Exercise instructions: What needs reproducing is the run of lines in the data below starting at the line with "Jancourt included a" and ending at the line with "This Pashtun shopkeeper", both ends included. Copy it exactly, without pictures, and add nothing.

Information:
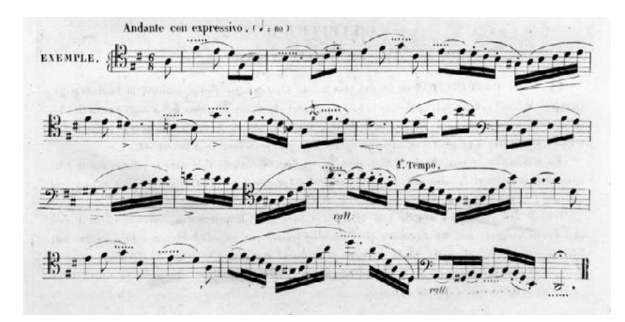
Figure 11. Eugène Jancourt, "Andante con expressivo," with vibrato indicated by dots.

Jancourt included a musical example, "Andante con expressivo," in which he indicates the use of vibrato on long notes indicated by dots.
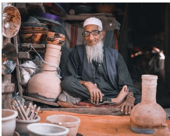
This Pashtun shopkeeper makes a meagre living selling water jars, glazed bowls, and mortar and pestle sets.

- Ask the Lord for vocational opportunities for foreign workers in areas with Southern Pashtuns, and for meaningful relationships and witnessing opportunities for those engaged in outreach to this people group loved by God.
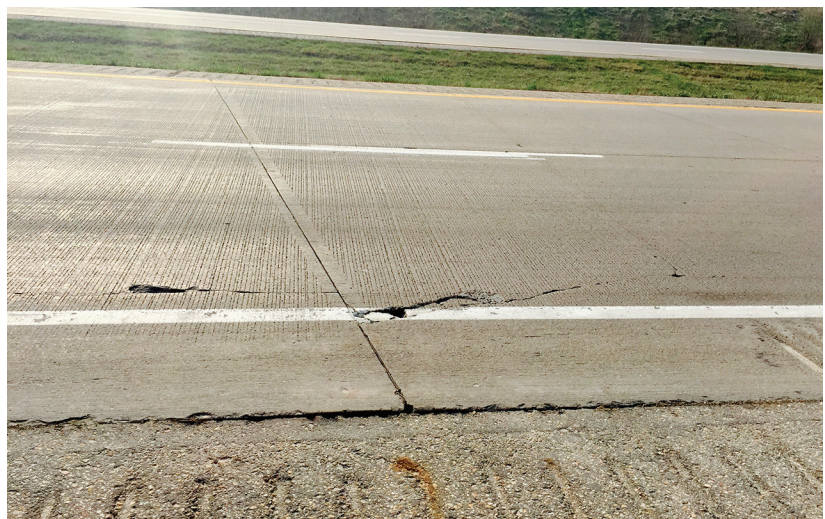
Longitudinal cracking observed in widened concrete pavement with a skewed transverse joint on US-65 in Polk County, Iowa

This distress pattern has never been reported before in Iowa, and an investigative study was needed to better understand the causes of this distress pattern. Although there is strong evidence for the occurrence of random longitudinal cracking in JPCPs in many states, few studies have documented the causative factors and prevention or mitigation strategies.
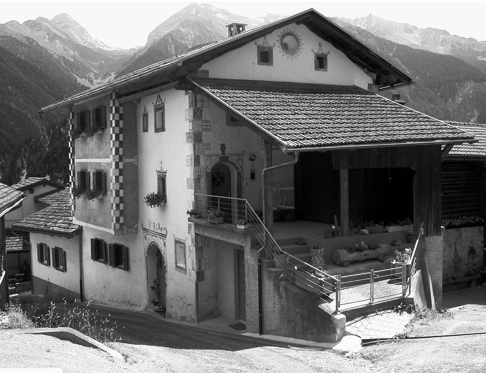
60 FIGURE 4 Construction in a traditional style, typical of Alvaneu.

friends and their common experiences of place. Furthermore, tourists seemed to be particularly satisfied if they got to know local people and especially proud if they established friendly relationships with them. Therefore, the key category personal relationships likewise encompasses individual and social aspects.
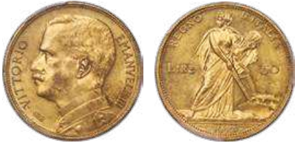
31905 Vittorio Emanuele III gold 50 Lire 1912-R MS63+ PCGS, Rome mint, KM49, Fr-27. Satiny devices sheathed in unmistakable mint brilliance make for an eye-appealing example of this popular type. Starting Bid: $450
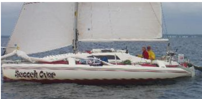
The Londons passing in the light winds of the "Fun Race"
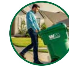
Set out carts at the curb on collection day by 7 a.m.
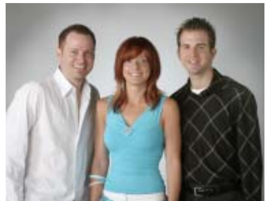
NCA's 2004 FALL/WINTER COLLECTION DESIGN TEAM

Written solution:
Jancourt included a musical example, "Andante con expressivo," in which he indicates the use of vibrato on long notes indicated by dots.
This Pashtun shopkeeper makes a meagre living selling water jars, glazed bowls, and mortar and pestle sets.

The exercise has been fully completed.